Second and I think most important element here is the camera… no not a $20,000 Hasselblad, not even a flagship Nikon or Canon. The camera I used is my (new to me) Canon EOS-M3. What made this image achievable is the fact that I was able to capture the photo from an angle and perspective that would not be possible looking through a viewfinder. Unless of course I was to kneel down next to or in front of the subject and ask her to stop and pose. In this image I had been walking next to her as I captured video and when I had the clip I wanted I quickly switched to Av (aperture priority) and had previously set the camera to ISO 100 and f/11. So given the extreme back lighting from the sun over her shoulder I instantly flicked the “flash release” to allow the tiny on camera flash to give some much-needed “fill flash.” Without the fill flash Alyssa would be nothing more than a dark shadow. Also know the f/11 setting helped create the “star” effect coming from the sun. And of course the sun flare is because the camera is looking into the sun. Then there is the “wide angle” factor; shooting close to the subject at 18mm (wide zoom) makes things look a little “off.” Her extended arm and distortion on her lower torso is not very noticeable, but enough to give a creative effect.
So the big thing here is that I composed the image from the screen on the back of the camera and not a viewfinder (the M3 does not come with a view finder). The screen articulates and I was able to hold the camera low, but still angle the screen up toward me. I am actually very familiar with this technique because my old 2005-06 Canon A640 point & shoot had an articulating screen and I loved, loved, loved that camera for just that reason. And I must note that this is one of the three main reasons I purchased the M3. The articulating screen screams creativity… so why doesn’t an EOS-5D Mark IV or the EOS-1D X Mark II have articulating screens? Here is the secret… ready for it… Cameras are designed and engineered by geeks, nerds and trolls. These are people or beings that have not a creative molecule in their being. While they can make something that can auto focus and face detect and face track within milliseconds they could never understand creativity. So they rely on the outside world to tell them what creativity is and how to incorporate it into a product. The have stopped putting articulating screens in cheaper cameras because they want you to but the more expensive camera and I get that part of the equation… it’s about $$$. Even the geekiest of geeks wants to make money. “But let’s not make our $4000+ plus cameras with creative features like articulating screens because that would make us look like we have common sense.” And everybody knows geeks, nerds and troll have no common sense. Right!

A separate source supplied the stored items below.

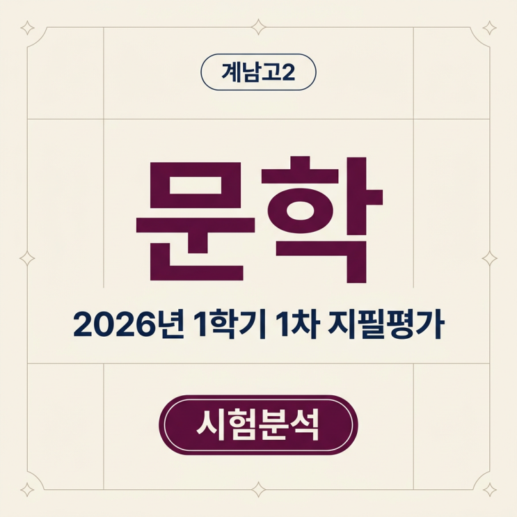 안녕하세요. 학생별 약점을 꼼꼼하게 점검하고 학교별 시험 스타일에 맞춰 준비하는 채움학원입니다. 시험 총평 이번 계남고2 문학 시험은 교과서 수록 작품을 중심으로 출제되었으며, 전체적인 난이도는 평이한 편이었습니다. 문항 구성은 작품의 기본 내용 이해, 표현상의 특징, 화자의 정서와 태도, <보기>를 활용한 감상 문제가 고르게 출제되었습니다. 외부 지문은 독립 지문으로 길게 출제되기보다는 14번, 20번 문항의 <보기> 형태로 제시되었습니다. 따라서 외부 작품 자체의 깊은 배경지식보다는, 교과서 작품과 비교하여 공통점·차이점을 파악하는 능력이 중요했습니다. 전체적으로는 학교 내신 특유의 암기형 문제보다는....... <img src="https://blogthumb.pstatic.net/MjAyNjA0MjVfMTIw/MDAxNzc3MTA3ODk0OTQ2.RkDlx8kWtlq5L0520QzIDCVWnRthIOIp0Tq9FHXEoqEg.A0LqyiD0-J5dVBIYid2YiWkVxoHGpbeXWZfydoqtJusg.PNG/eSivdPeH.png?type=s3" />
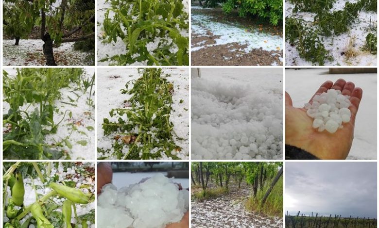 Particolare impressione destano le immagini dei vigneti del Tarantino, che appaiono come “mitragliati” da raffiche di grandine così violente da distruggere tutto. Danni anche a Palagianello, a Palagiano per una fascia di oltre 10 chilometri lungo l’arco jonico e fino alla Basilicata. Tutte le colture sono state colpite: agrumi, ulivo, ortaggi a pieno campo e fruttiferi. Sono state danneggiate anche le colture protette con reti, teli e tunnel.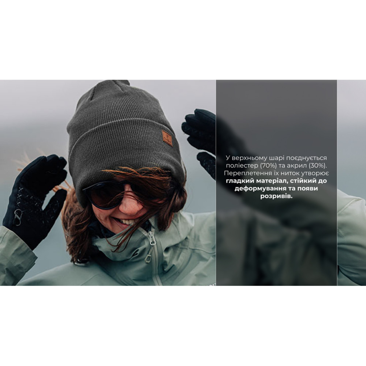 У верхньому шарі поєднується поліестер (70%) та акрил (30%). Переплетення їх ниток утворює гладкий матеріал, стійкий до деформування та появи розривів. Незалежно від того, як сильно користувач розтягуватиме шапку при надяганні та знятті з голови, вона прийматиме початкову форму завдяки еластичному верхньому шару.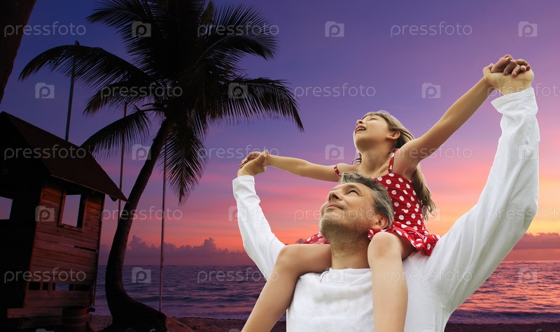 Отец и дочь на фоне неба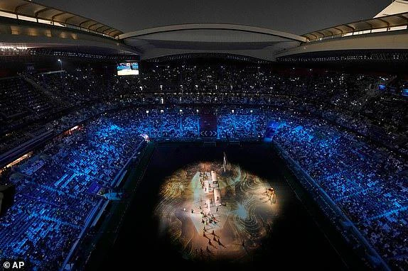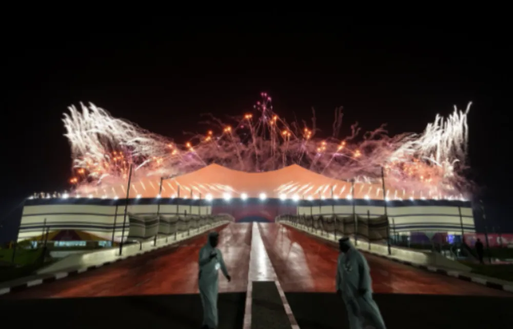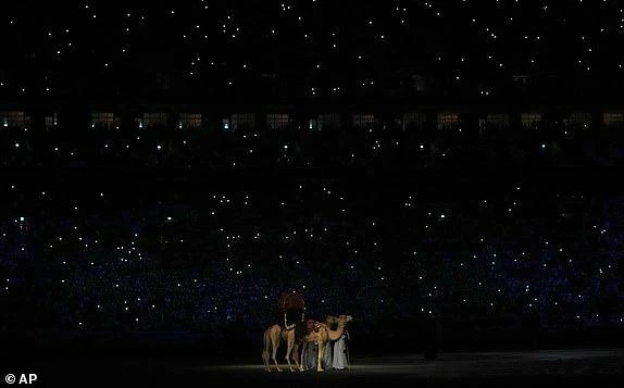 Cuối cùng, hoàng thân Amir Sheikh Tamin al-Thani phát biểu trước đám đông khi một chiếc áo đấu khổng lồ, linh vật World Cup và một biểu tượng khổng lồ lấp đầy sân khấu kết thúc lễ khai mạc World Cup 2022.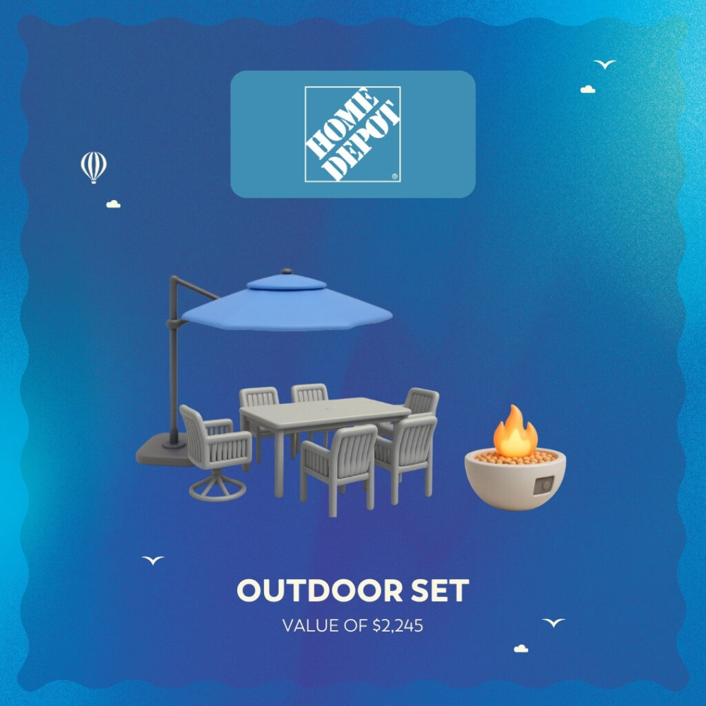 - The 6th ticket drawn will entitle the winner to the sixth prize, namely one (1) outdoor dining set, courtesy of Home Depot, including one (1) 3.35-metre offset aluminum patio umbrella with solar light bars, blue, by Hampton Bay, one (1) seven (7)-piece wicker patio dining set with brown cushions by Hampton Bay, and one (1) 91.4 cm gas patio fire pit by Hampton Bay. Value of $2,245 + taxes.

Ok so after that rant we come to;
The third thing and that is the edit. So it is a little tweaking in Lightroom, about all of 30 seconds and then it’s off to Photoshop for about 2 minutes and I use a Nik Color Efex Pro 3 filter recipe that was created by me (yay me, I’m not a geek I can create). Also there is the use of Photoshop blending modes; in this case “multiply” was used. Then back to Lightroom and whala… done.
So in conclusion the real game changer is the camera with the articulating screen. It did not have to be the Canon M3, it could be any camera with a pop out screen. It allowed me to capture the “up angle” perspective and the candid expression all at the same time without stopping to pose the subject. And last, but not least… No you’re not gonna get this image with your iPhone. Sure you could capture the image with a phone camera, but it would be the same as using any other camera with a view finder. So put your iPhone away you little Apple worm and go get a real camera.
Thanks so much for reading and have a great day.